Pivots whose 32-mer window would extend past the end of the read are skipped automatically (the corresponding output slot is k=0, l=0, s=0). All other pivots are resolved with the same SIMD-accelerated smem_range path used by the single-key API.

For minimizer-window seeding (reduces seed count by ~W relative to dense tiling):

for (uint64_t offset = 0; offset + window_size <= read_len; offset += window_step) {
    uint64_t mkey, moff;
    if (prmi_minimizer_32mer(&read[offset], window_size, &mkey, &moff) == 0) {
        uint64_t abs_off = offset + moff;   /* absolute pivot in read */
        uint64_t k, l, s;
        prmi_smem_range_packed(idx, &read[abs_off], 32, pac, pac_num_bases, &k, &l, &s);
        /* ... chain (k, l, s) hit at position abs_off ... */
    }
}

prmi_minimizer_32mer extracts the lexicographically-smallest 32-mer from bases[0..len] and writes its tokenized key and starting offset to the out-pointers. Returns 0 on success; -1 if len < 32.

The 32-mer key constraint is unchanged — long reads use 32-base prefixes at each pivot or minimizer window. The Rust equivalents are LearnedIndex::smem_range_long_read[_packed] and prmi::encoding::minimizer_32mer.

Batching

v0.1 exposes both single-key and batch C APIs. prmi_smem_range_batch (unpacked pac) and prmi_smem_range_batch_packed (2-bit packed pac) accept a flat count * 32 byte buffer of queries and three parallel out_k/out_l/out_s arrays of count u64s each. The single-key prmi_smem_range and prmi_smem_range_packed functions are preserved unchanged. Both single-key and batch paths delegate to the same SIMD-accelerated resolve_one inner loop and produce bit-identical results.

Repeat masking

Real-genome references contain degenerate regions (N-runs, homopolymers, tandem repeats) that collapse many SA positions to identical 32-mer keys. Training on those positions inflates max_error_bound without improving lookup quality for meaningful queries. Three masking flags let the trainer skip degenerate (key, SA-index) pairs:

Flag Default What it drops
--no-mask-n-runs off (N-run masking is on by default) 32-mer windows that cover any N base
--mask-homopolymers K off windows containing a run of the same base of length ≥ K
--mask-bed PATH off SA positions falling in BED intervals (0-based, half-open)
# Default build: N-runs masked automatically
prmi build ref.fa

# Opt out of N-run masking (e.g. to measure the raw effect)
prmi build ref.fa --no-mask-n-runs

# Mask N-runs + poly-A/T runs of ≥ 20 bp
prmi build ref.fa --mask-homopolymers 20

# Mask N-runs + a RepeatMasker/TRF BED file
prmi build ref.fa --mask-bed repeats.bed

The SA on disk is never affected — it always contains all genome-region entries. Masking only narrows the (key, SA-index) pairs used to fit the model and compute max_error_bound. Queries over masked positions still produce predictions; the error bound applies to unmasked queries only. The .meta file records which masks were active ([sa] masked_n_runs, masked_homopolymers, masked_bed).
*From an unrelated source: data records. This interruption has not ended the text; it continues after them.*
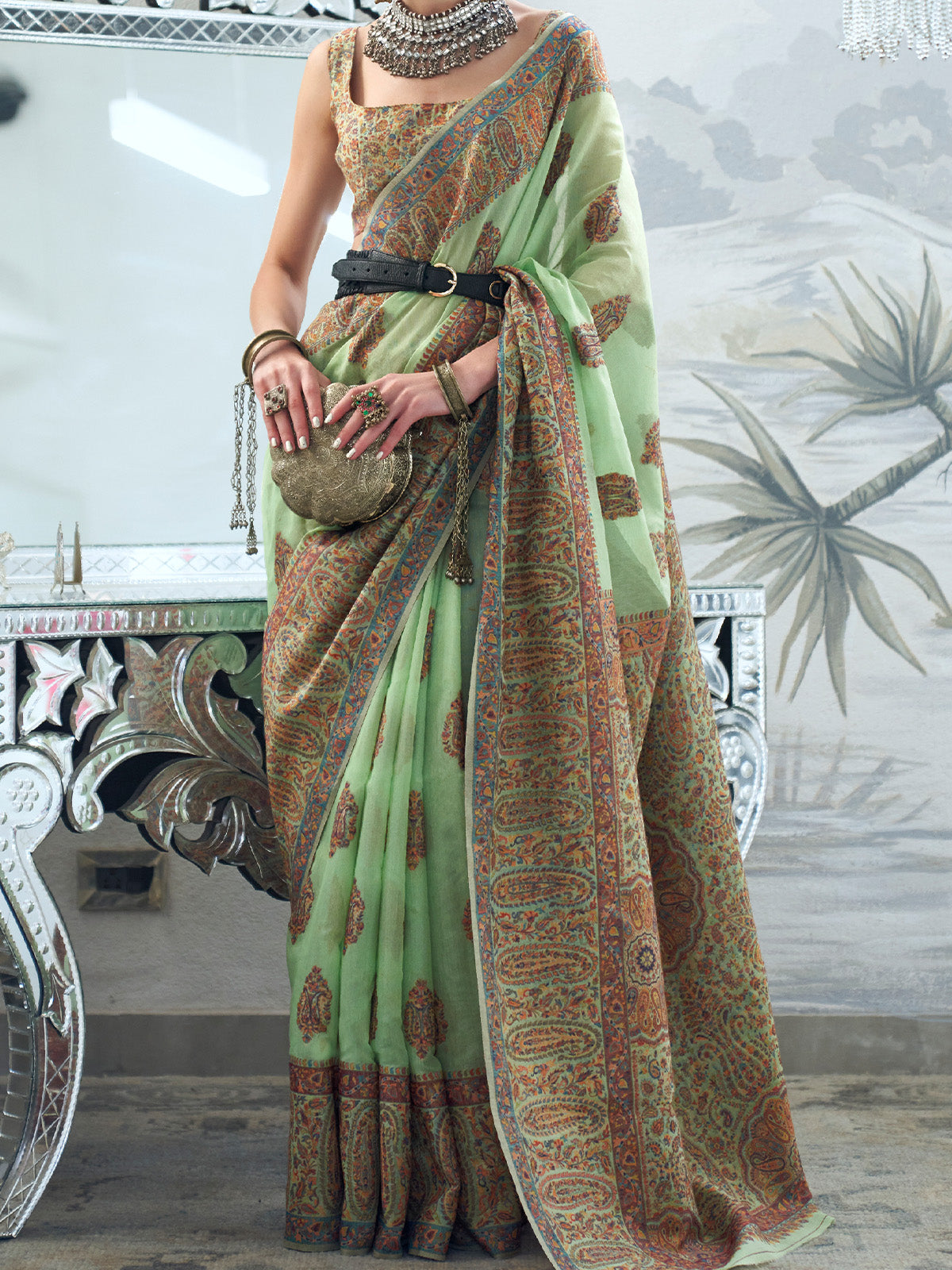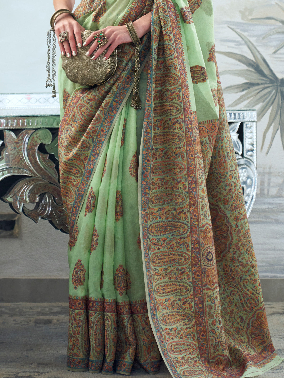 Exquisite Kashmiri work Handloom Sarees with beautiful motifs and intricate woven pallu for that traditional look.. This Saree exudes an elegance and showcases the mastery of the skilled artisans giving it a timeless appeal...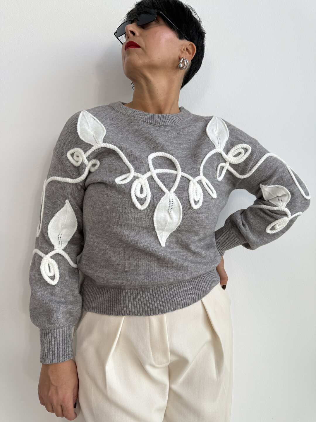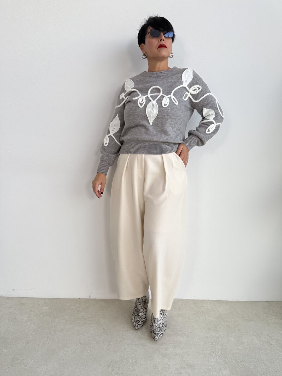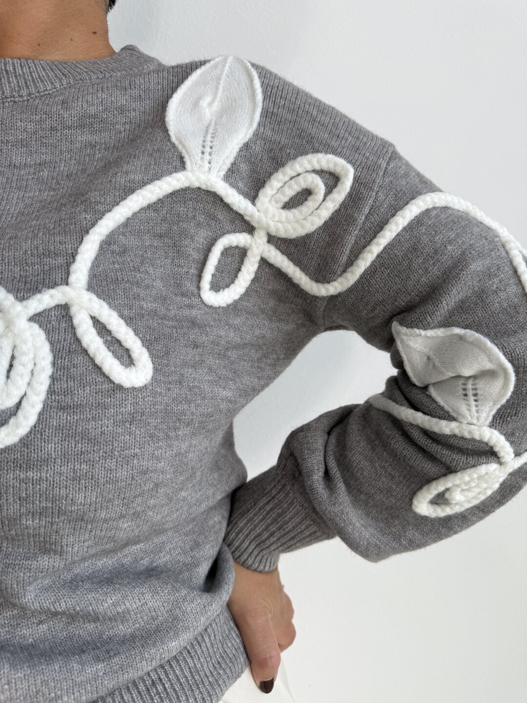 Modello basic girocollo con dettaglio di applicazione sul davanti e sulla manica.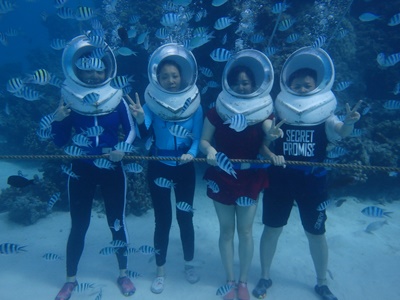 雖然潛水再次以失敗告終,但至少戴著能讓你在水中自由呼吸的“頭盔”,還是下到了并不算深的海底,魚兒密密麻麻蜂擁而至的時候,到底還是開心的,嘴巴沒有合攏過,喂食、合影,好不歡樂!

When using --mask-bed, overlapping intervals in the BED file are merged at parse time, so a BED with redundant or overlapping regions (e.g. RepeatMasker output) is handled correctly without preprocessing.

Priors (target-aware training)

Masking removes training pairs entirely. A prior keeps all pairs but biases the model fit toward a region of interest, trading tighter in-region error for potentially looser out-of-region error. Use --prior-bed when you have a target-capture BED and want the learned index to be most accurate over those intervals:

Flag Default Effect
--prior-bed PATH off Weight training pairs inside the BED intervals by --prior-bed-weight during model fitting
--prior-bed-weight W 10.0 Multiplier (must be > 0) applied to in-BED pairs
# Build with BED prior (target-capture scenario)
prmi build ref.fa --prior-bed targets.bed

# Adjust the weight (higher = tighter in-BED error, at the cost of out-of-BED)
prmi build ref.fa --prior-bed targets.bed --prior-bed-weight 20.0

# Combine masking and prior: mask repeats, bias toward target regions
prmi build ref.fa --mask-bed repeats.bed --prior-bed targets.bed

The --prior-bed and --mask-bed flags must reference different files. The .meta file records the active prior under [priors] type = "bed", along with the BED path and weight.

FASTQ histogram prior (workload-aware training)

Use --prior-fastq-histogram when you have a 32-mer frequency histogram derived from a read set and want to bias the learned index toward the k-mers that queries look up most often:

Flag Default Effect
--prior-fastq-histogram PATH off Weight training pairs by lookup likelihood; hot k-mers get higher weight
--prior-fastq-base-weight W 1.0 Weight for k-mers absent from the histogram (must be > 0)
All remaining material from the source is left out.